Despite his parents' superstitions, the boy continues to visit the old man, whom he loves and respects also for the old man's piety for nature and his admiration for those who continue through adversity, such as New York Yankee, Joe DiMaggio, who played heroically with excruciating bone spurs in his feet.
After Santiago returns with only the skeleton remains of the "great fish," the other fishermen know that his bad luck yet continues. But, in his loving devotion to Santiago, Manolin hastens to the old man to bring him food and comfort. When Santiago awakens, he and Manolin converse; the boy tells Santiago that they must make plans about other things, for he still has much to learn, adding,
“Now we fish together again.”
“No. I am not lucky. I am not lucky anymore.”
“The hell with luck,” the boy said. “I’ll bring the luck with me.”
Manolin speaks, then, of replacing Santiago's knife and "getting everything in order" so that they can go out together again. When he tells Santiago to take care of his wounded hands, the old fisherman replies that he knows well how to care for them, but he adds,
"In the night I spat something strange and felt something in my chest was broken.”

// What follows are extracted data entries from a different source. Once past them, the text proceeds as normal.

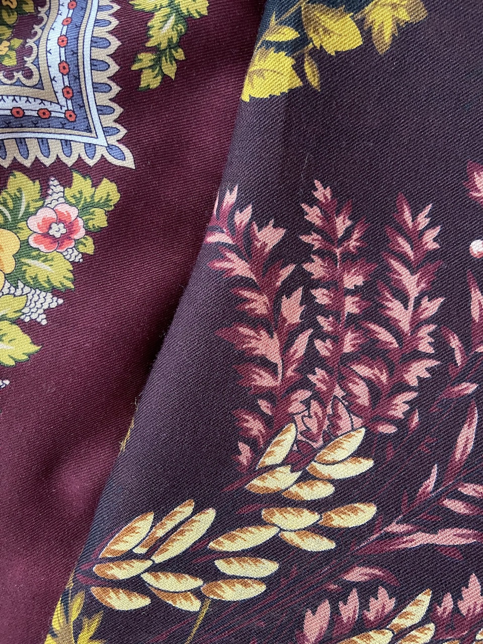Я тут смогла живьем увидеть и даже примерить новый 5-ый колорит Лета в Павлове: мне понравился! Идет. Заливка фона роскошная винная, ну я так вижу там бордо с капелюшкой фиолета, по памяти напомнило немного любимый Нежный вечер-7, серый божественно темноват и густоват. Даже листья не такие агрессивно-зеленые: на фото они намного ярче, а в жизни достаточно доброжелательны ко мне.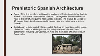 Spanish architecture has a long and varied history, from ancient burial chambers built in 4000BC to modern works. Notable periods include Roman architecture which introduced civil engineering like aqueducts and roads, Gothic cathedrals built in the 12th-13th centuries, Renaissance palaces in the 15th-16th centuries like El Escorial, and Barcelona's iconic buildings by Gaudi in the 20th century Catalan Modernism style. Spain has a wealth of architectural styles and UNESCO World Heritage Sites that showcase its rich architectural history.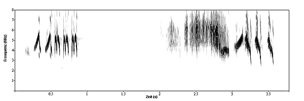 Кроме территориальной песни часто издаёт короткие свисты «фить» и щёлкающие «тек», нередко комбинируя их в разнообразные вариации.[4] Эти звуки используются при общении между птицами, во время возбуждения либо как сигнал тревоги. Громкое и резкое щёлканье «тек-тек» часто свидетельствует о приближении наземного хищника.[6]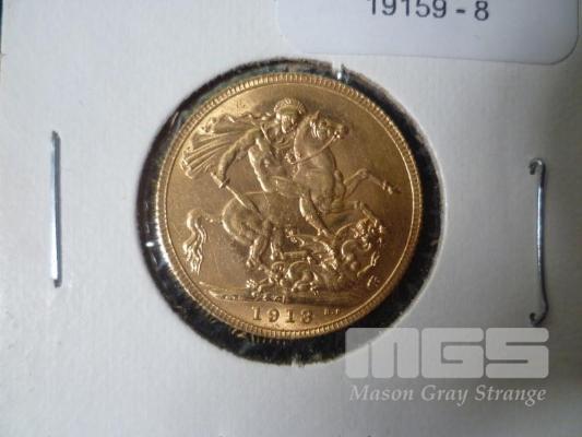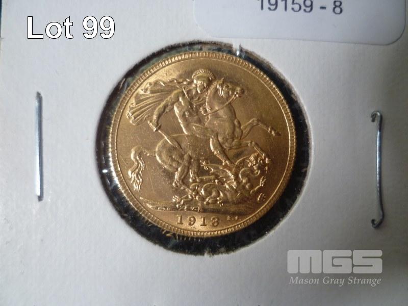 1913 GOLD SOVEREIGN, GEORGE V, 22 KARAT GOLD, FINE WEIGHT 7.322 GRAMS, P MINT MARK

Manolin merely replies, "Get that well, too." However, as he returns home down the rock path from Santiago's meager dwelling, he is crying. For, he realizes that the old man will no longer fish as he has before, despite his heroic stoicism and courage. The physical damage to his care-worn body is too much.
Therefore, it may also have been that with a certain presentiment of Santiago's having been irreparably harmed during his three-day struggle with the great fish that Manolin chooses to visit his beloved friend rather than go out with the fishermen.